SALARY AND COLLECTIVE AGREEMENTS
As a rule, salary and terms of employment are determined by applicable legislation, collective agreements and individual negotiations. Various working conditions may apply throughout your working life depending on whether you, for example, are employed as a salaried employee, self-employed, or in a managerial position.

TERMINATIONS
There can be many different reasons for a termination, which may be due either to the company’s circumstances or to your own as an employee. We are always available to review and check a termination if you find yourself in such a situation. Numerous laws and regulations govern terminations, and we ensure that you receive what you are entitled to.
A termination may be considered fair if it is based on the employee’s lack of qualifications, unsatisfactory performance, corporation difficulties or similar reasons.

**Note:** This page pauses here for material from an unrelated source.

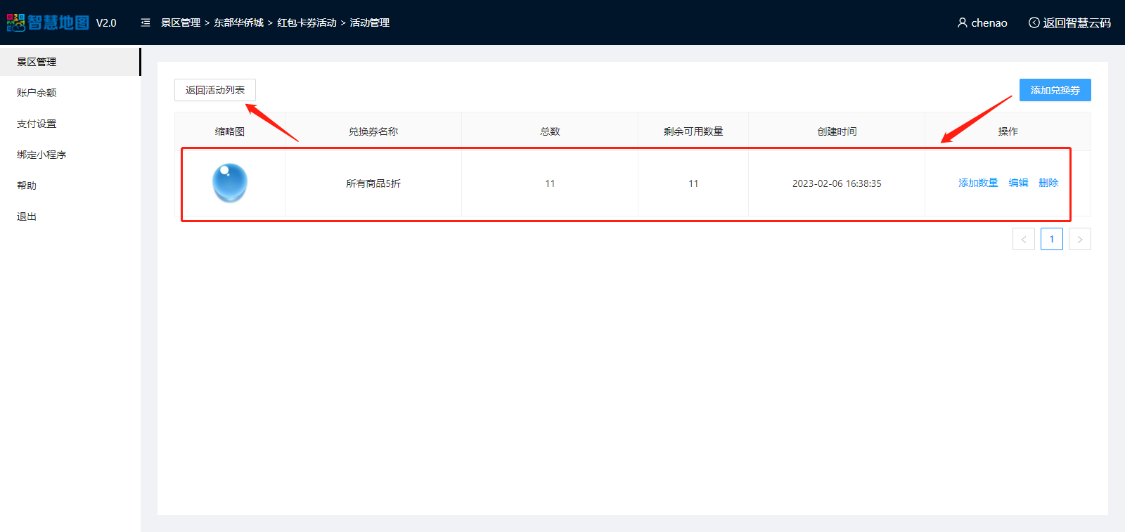 添加兌換券后如下,點擊左上角的返回活動列表。如下圖所示:
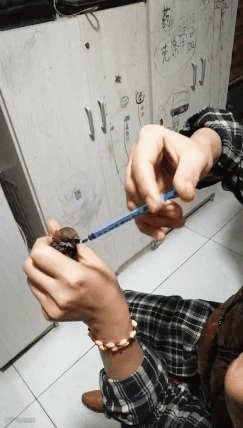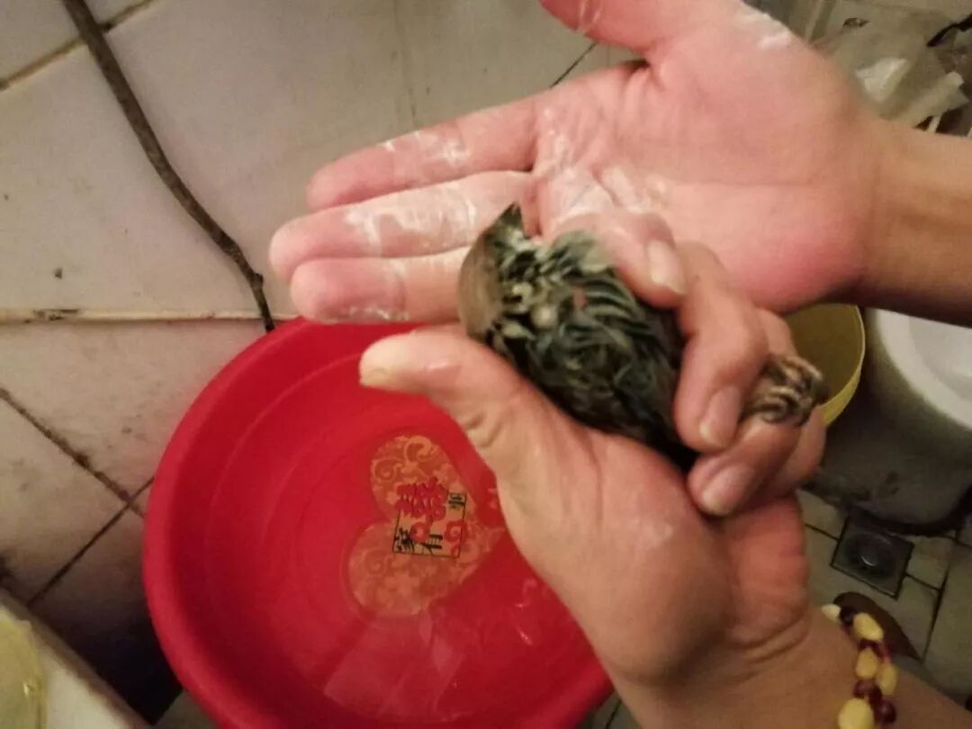 她将食用油抹在麻雀身上有胶水的地方,然后再撒上面粉,然后轻轻的揉。揉的力度一定要把握好,不能揉掉羽毛。

If an employer terminates an employee due to a decline in orders, budget cuts, or downsizing, this will generally be regarded as a fair reason for dismissal.
PARENTAL LEAVE
All employees expecting a child are entitled to leave with parental benefits (maternity/paternity pay) in accordance with the rules of the Parental Leave Act. Parents are entitled to a total of 52 weeks of parental leave with benefits, and the maternity leave begins the day after the child is born.
Whether you are entitled to full pay during parental leave depends on the Salaried Employees Act, collective agreements, and your employment contract. Please contact us if you need advice.
You are not required to take the entire parental leave period immediately after birth. Parental leave can be postponed until the child turns eight years old.
WORK INJURIES
If you are injured at work, you may be entitled to compensation. We can provide legal advice and assist you in dealing with the various authorities that handle cases involving workplace accidents and occupational injuries.
Through our partnership with PFA Pension, we have negotiated a range of insurance schemes for our members, which can provide quick and effective medical treatment.
Always make sure to report any work-related injury – and contact us to find out how we can assist you.
ILLNESS
We can advise you on your rights during periods of illness – for example, regarding pay during absence.
If you become ill, you must notify your employer as soon as possible. Your employer is not entitled to know the details of your illness, but they are entitled to receive medical documentation for your absence. In such cases, the employer must cover the cost of the medical certificate.

HOLIDAYS
You are entitled – and required – to at take holidays.
Employees are covered by the Holiday Act and are entitled to take holiday and to accrue the right to holiday pay or paid holiday.
As an employee, you cannot waive your right to holiday, pay during holiday, holiday allowance, or holiday supplement, or holiday pay according to the law.
However, the Holiday Act does not prevent you and your employer from agreeing on better holiday terms than those stipulated by law.
On 1 September 2020, employees transitioned to the new system of concurrent holiday. Employees now accrue 2.08 days of holiday each month, which can already be taken from the following month.
The holiday year now runs from 1 September to 31 August the following year. During this period, employees accrue a total of 25 days of holiday, equivalent to five weeks. The holiday-taking period has been extended under the new Holiday Act and runs from 1 September to 31 December the following year.
Holiday must be agreed with your employer, who generally has the right to decide when holidays are to be taken. However, you are entitled to three weeks of main holiday and two weeks of remaining holiday during the holiday year.
The main holiday period of the three consecutive weeks must be taken between 1 May and 30 September. You have the right to take your main holiday in one continuous period. The remaining holiday can be scheduled at other times within the holiday-taking period and may be taken as individual days, by agreement with your employer.